Human, agent, and team skill as a function of game play, for control (left), low (left-center), middle (center-right), and high (right) skill agents and for categorical (left) and probabilistic (right) displays. Points are proportions correct for subjects of each game. Curves reflect Beta regressions with 95% CI for human subjects (dotted lines), agents (dashed lines), and teams (solid lines).

Win Rates

The scores reported above describe the details of human, agent, and team play. The ultimate, aggregate performance measure is how many games are won and lost. Control group humans won 1.28 (SD = 1.54) games, on average. Teams with high and middle skill agents won more games that teams with low skill agents or control humans (two sample t test, t = 3.124, p < .001, Cohen’s D >1.0), which won games at the same rate (t = 1.337, p = .091, Cohen’s D <0.3). Display made no difference except that with low skill agents, teams won more games with the probabilistic display than with the categorical display (t = 2.298, p = .011, Cohen’s D = 0.513).

DISCUSSION

The risks and benefits of adopting AI technology in decision making will depend on how well humans understand the strengths and weaknesses of AI aids, so that they afford them appropriate trust. The present study demonstrated a platform for studying human-AI team performance, using the simple strategic game of Connect Four. It illustrated the research platform with one possible advising system, where the human proposed a move, received an agent recommendation, and then made the move. We compared two possible displays of agent recommendations: probabilistic (distribution over possible moves) and categorical (the best move, as implied by that distribution). We also varied agent skill, as a function of the number of training cycles for the underlying deep reinforcement learning algorithm. The opponent was always an algorithm whose performance matched that of the average human in pretests.

In terms of our hypotheses, we found that:

H1: Overall, participants performed similarly with the two displays, seemingly unable to use the additional information provided by the probabilistic display. The few significant display differences had no obvious pattern and seem best attributed to chance.

H2: Over the course of play, human skill improved slightly with the middle and high skill AI agents. Human skill did not improve for either the control group or humans paired with low skill agents.

H3: Human skill was not better for players when paired agents compared with the control for most treatment groups. Players who were paired with high skill agents and received the categorical display had higher human skill than control condition players.

H4: Team skill was greater than agent skill for 60% of the games with the low skill agent, but rarely exceeded that of the middle or high skill agents. These results might be promising for using high skill AI systems, problematic for less skilled ones.
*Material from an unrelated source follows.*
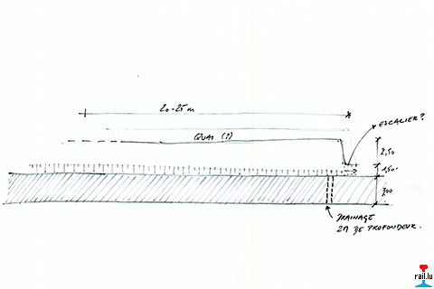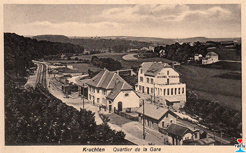 Kruchten - Quartier de la Gare: uewen lënks d'Jangelisbrëck - riets ënnen tëschend der Gare an dem Hôtel d'Gleis vum Jangeli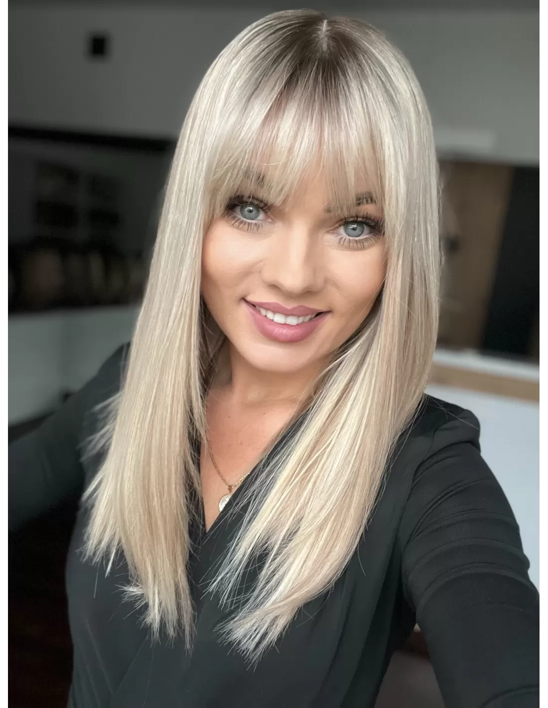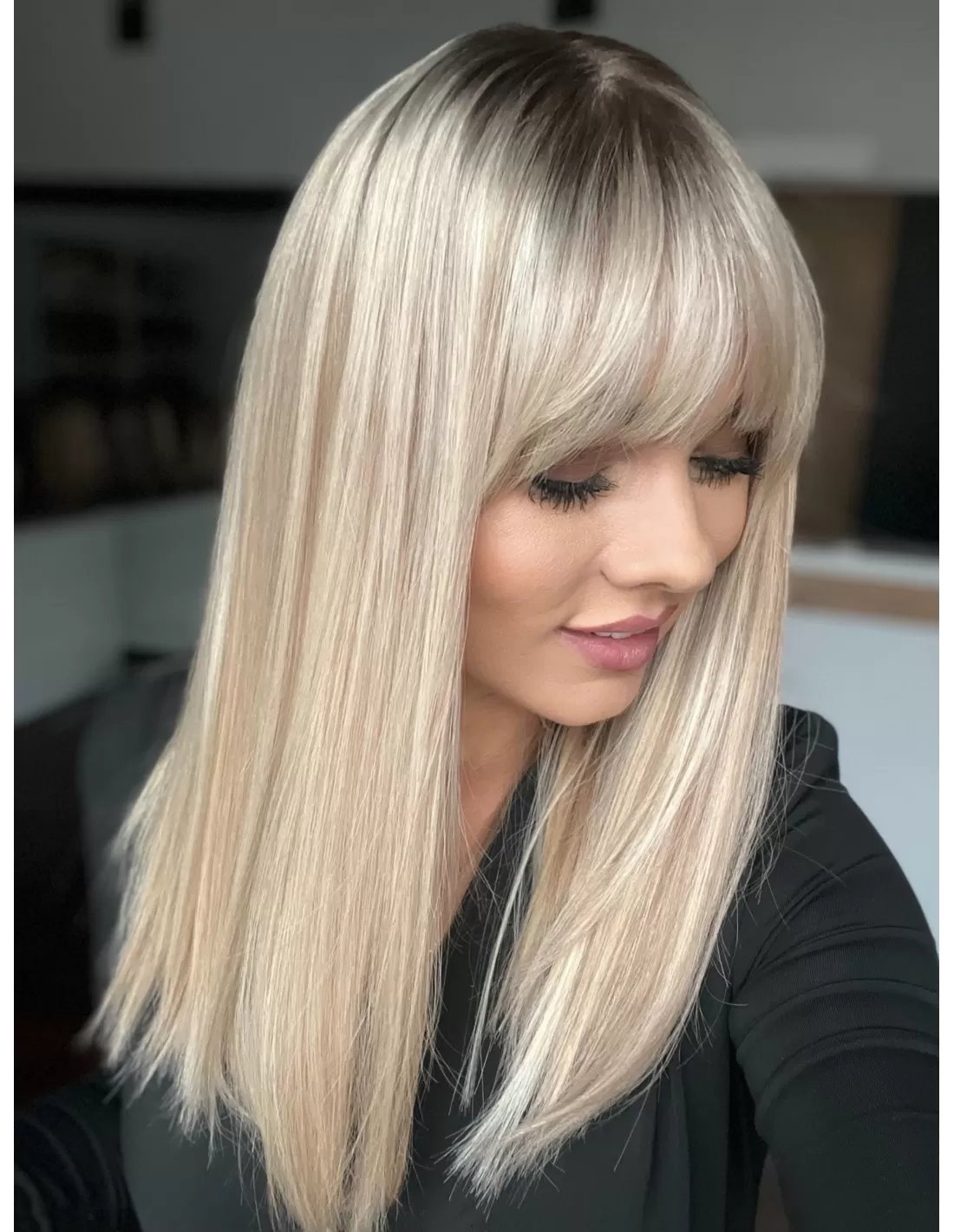 Włosy mają chłodny odcień blondu z subtelnym balejażem oraz delikatnym odrostem w kolorze chłodnego, średniego blondu, co dodaje fryzurze głębi i realistycznego wyglądu.

H5: Over the course of play, human players were increasingly able to reject inappropriate recommendations from low skill agents and accept appropriate recommendations from middle and high skill agents. However, they still resolved many disagreements inappropriately. They tended to defer uncritically to more skilled agents, while ignoring good advice from low skilled agents, a pattern seen elsewhere (Bartlett & McCarley, 2017; Lee & See, 2004; Wiczorek & Meyer, 2019). As a result, agent skill was a powerful predictor of team performance.

As mentioned, human skill was similar with both displays in almost all analyses. The one significant interaction found that, for the probabilistic display, humans appropriately accepted high skilled agent recommendations over game play at a higher rate than with low agents. A speculative account is that the probabilistic display helped players to see the limits to low skill agents’ advice, while strengthening faith in the high skill agents. Overall, though, the cognitive load of processing the probabilistic display may have counterbalanced the value of the additional information that it provided (Endsley, 2017).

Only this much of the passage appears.